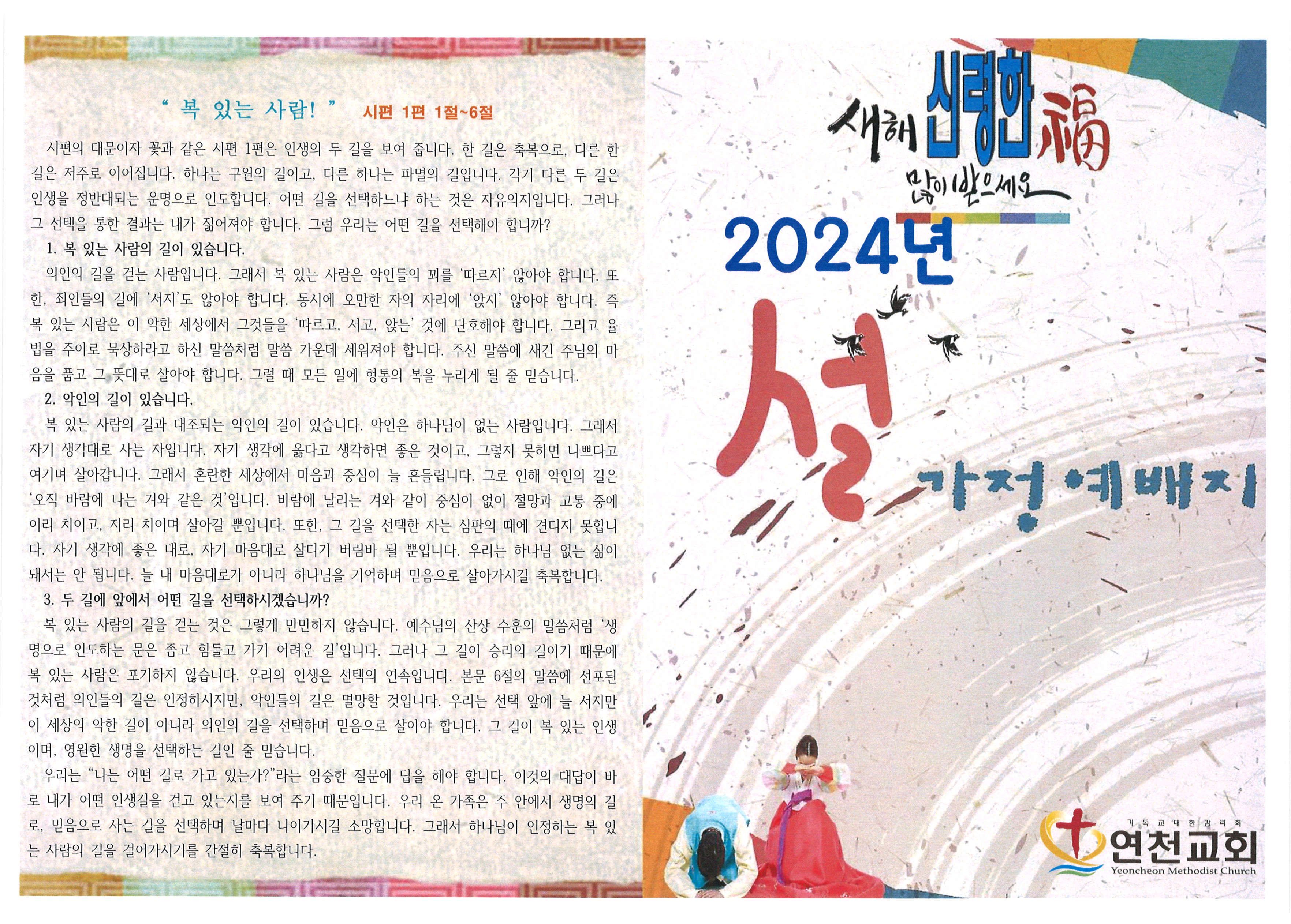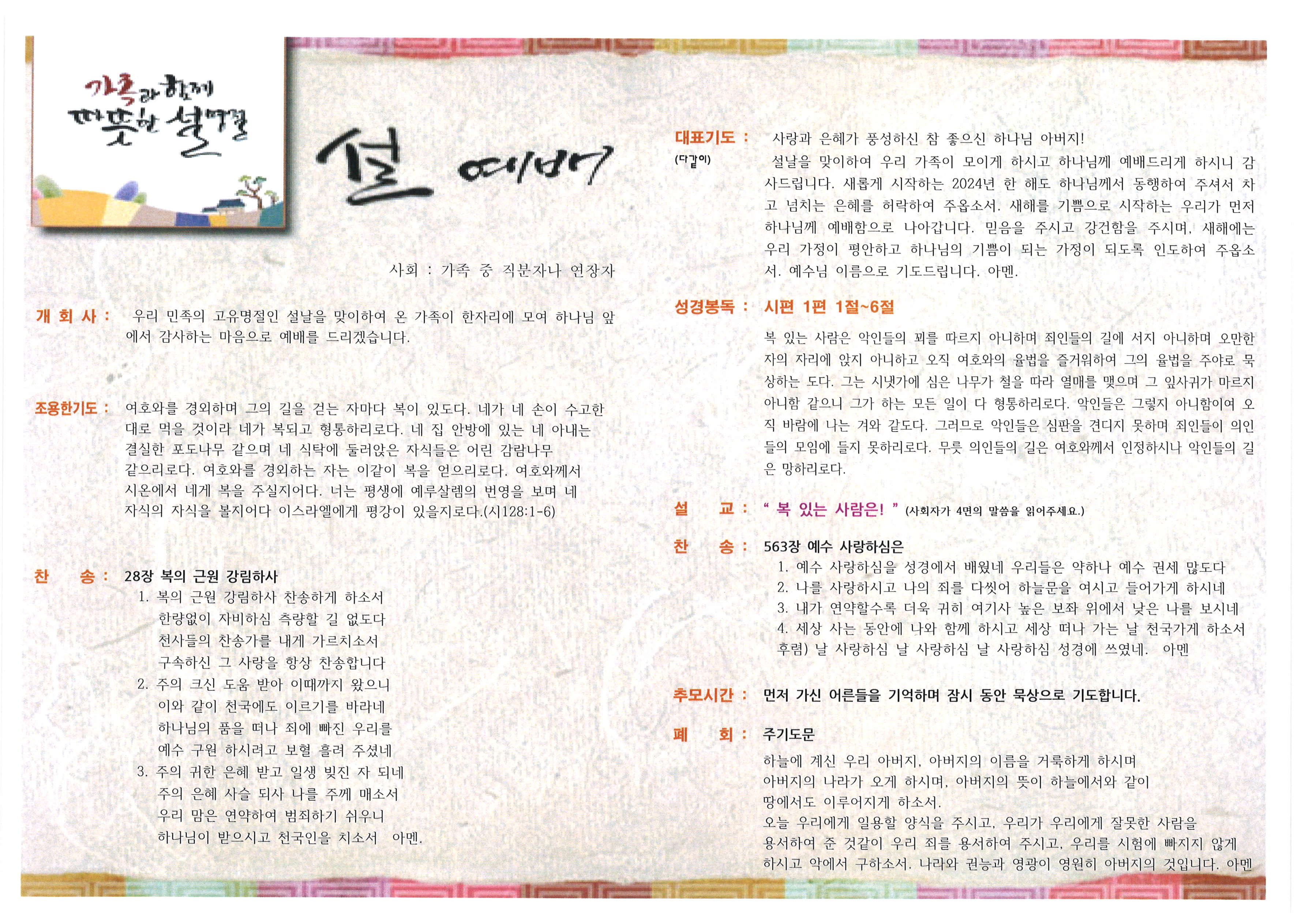 2024년 2월 10일 설 가정예배문 본문 2024년 2월 10일 설 가정예배문2024년 2월 10일 설 가정예배문 즐겁고 은혜스러운 명절 되시길 축복합니다. 연천교회 조회 207회 2024-02-03 10:09 목록 댓글목록 이전글 2024년 2월 11일 교회주보 24.02.09 다음글 2024년 2월 4일 교회주보 24.02.02
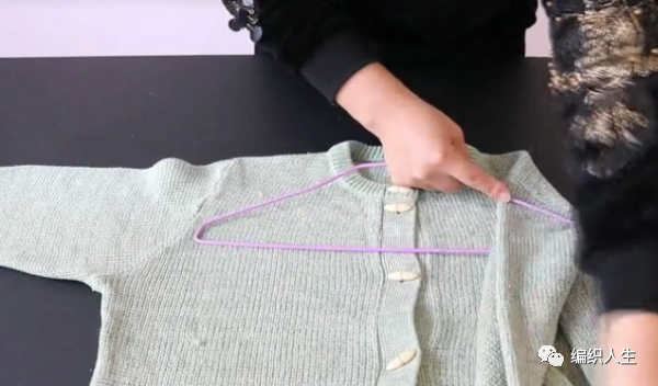 1、把晾衣架放在攤平的毛衣的衣領(lǐng)處。
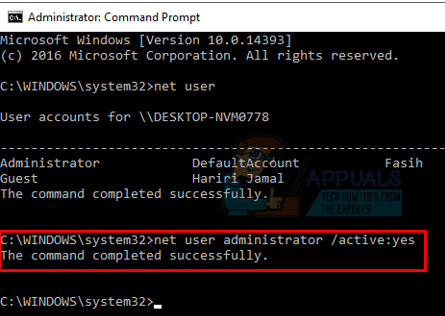 Run net user administrator /active:yes in Command Prompt
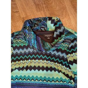 Cowl Neck Sweater Dress by Perceptions New York, size M. 3/4 sleeves. Design is a Green Blue Zig Zag. Polyester/spandex. Great as a dress or tunic over leggings. Dress up for work or dress down for casual. Very easy to pack for travel. In excellent pre-owned condition.
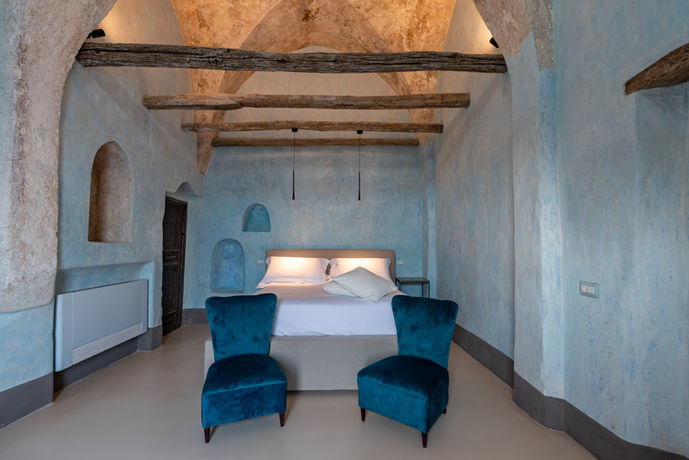 CIELO is the central bedroom with a charming finish, made by master restorers/decorators Franco De Stefano and Michele Pontillo, who were inspired by the blues and greens of the past, of which there is still trace in some parts.
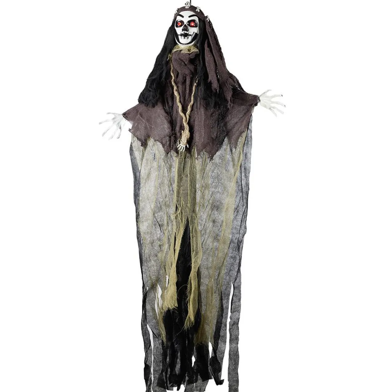Cette femme vaudou à suspendre est l’élément indispensable pour un Halloween assurément effrayant. Vous pourrez l’accrocher à une poutre, un avant-toit ou devant votre porte, vos invités et chasseurs de sucreries auront de quoi se mettre dans l’ambiance !
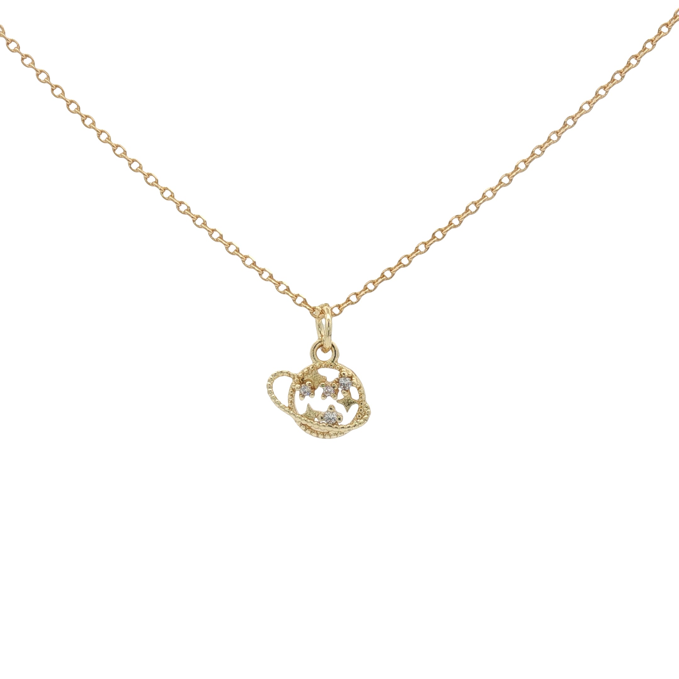 Collier doré planète saturne avec étoiles et zircons 42 cm
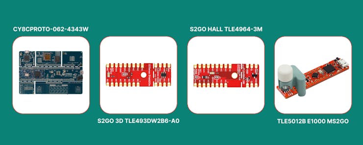 - Magnetic field sensor: S2GO 3D TLI493DW2BW-A0. This shield in Infineons 2Go form factor senses magnetic fields in three dimensions.
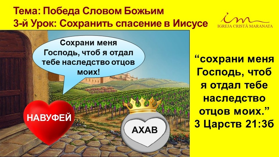«Сохрани меня Господь, чтоб я отдал тебе наследство отцов моих!» 3 Царств 21:3б. Детям Сегодня мы научимся хранить нечто особенное: наше спасение! И мы узнаем историю человека по имени Навуфей, которая учит нас бережно относиться к тому, что дал нам Бог. Вы когда-нибудь слышали о винограднике? Виноградник – это место, где растет виноград, и в Израиле иметь виноградник было большим благословением. Виноградники передавались от отца к сыну и имели большое значение для семьи, так как служили продовольствием. У Навуфея был виноградник, который он получил от своих родителей. Он очень любил этот виноградник и бережно ухаживал за ним. Но был царь по имени Ахав, очень непослушный Богу, который жил во дворце рядом с виноградником Навуфея. Однажды Ахав посмотрел на виноградник Навуфея и захотел, чтобы виноградник стал его. Ахав пошел к Навуфею и сказал: «отдай мне свой виноградник; из него будет у меня овощной сад, я дам тебе виноградник лучше этого или даже заплачу тебе за него». Навуфей ответи
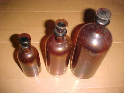 Title (ebay affiliate link): Antique Medicine Bottles With Glass Stoppers Amber/1900
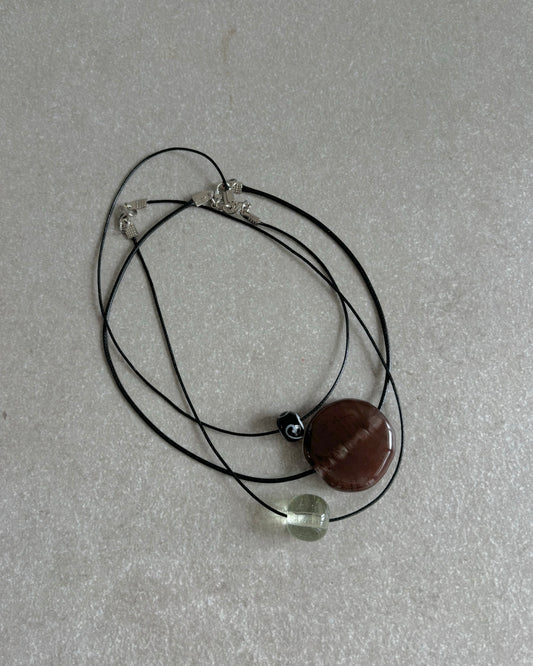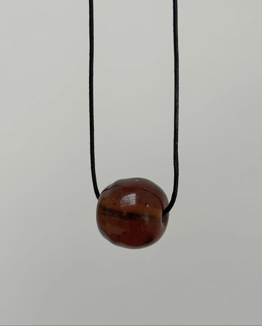 LARGE CLEAR BROWN GLASS SPHERE LONG CORD NECKLACE

-.-.-

Task: All of the data is to be reproduced exactly, with the pictures left out.

Result of the exercise:
 2024년 2월 10일 설 가정예배문 본문 2024년 2월 10일 설 가정예배문2024년 2월 10일 설 가정예배문 즐겁고 은혜스러운 명절 되시길 축복합니다. 연천교회 조회 207회 2024-02-03 10:09 목록 댓글목록 이전글 2024년 2월 11일 교회주보 24.02.09 다음글 2024년 2월 4일 교회주보 24.02.02
 1、把晾衣架放在攤平的毛衣的衣領(lǐng)處。
 Run net user administrator /active:yes in Command Prompt
 Cowl Neck Sweater Dress by Perceptions New York, size M. 3/4 sleeves. Design is a Green Blue Zig Zag. Polyester/spandex. Great as a dress or tunic over leggings. Dress up for work or dress down for casual. Very easy to pack for travel. In excellent pre-owned condition.
 CIELO is the central bedroom with a charming finish, made by master restorers/decorators Franco De Stefano and Michele Pontillo, who were inspired by the blues and greens of the past, of which there is still trace in some parts.
Cette femme vaudou à suspendre est l’élément indispensable pour un Halloween assurément effrayant. Vous pourrez l’accrocher à une poutre, un avant-toit ou devant votre porte, vos invités et chasseurs de sucreries auront de quoi se mettre dans l’ambiance !
 Collier doré planète saturne avec étoiles et zircons 42 cm
 - Magnetic field sensor: S2GO 3D TLI493DW2BW-A0. This shield in Infineons 2Go form factor senses magnetic fields in three dimensions.
«Сохрани меня Господь, чтоб я отдал тебе наследство отцов моих!» 3 Царств 21:3б. Детям Сегодня мы научимся хранить нечто особенное: наше спасение! И мы узнаем историю человека по имени Навуфей, которая учит нас бережно относиться к тому, что дал нам Бог. Вы когда-нибудь слышали о винограднике? Виноградник – это место, где растет виноград, и в Израиле иметь виноградник было большим благословением. Виноградники передавались от отца к сыну и имели большое значение для семьи, так как служили продовольствием. У Навуфея был виноградник, который он получил от своих родителей. Он очень любил этот виноградник и бережно ухаживал за ним. Но был царь по имени Ахав, очень непослушный Богу, который жил во дворце рядом с виноградником Навуфея. Однажды Ахав посмотрел на виноградник Навуфея и захотел, чтобы виноградник стал его. Ахав пошел к Навуфею и сказал: «отдай мне свой виноградник; из него будет у меня овощной сад, я дам тебе виноградник лучше этого или даже заплачу тебе за него». Навуфей ответи
 Title (ebay affiliate link): Antique Medicine Bottles With Glass Stoppers Amber/1900
 LARGE CLEAR BROWN GLASS SPHERE LONG CORD NECKLACE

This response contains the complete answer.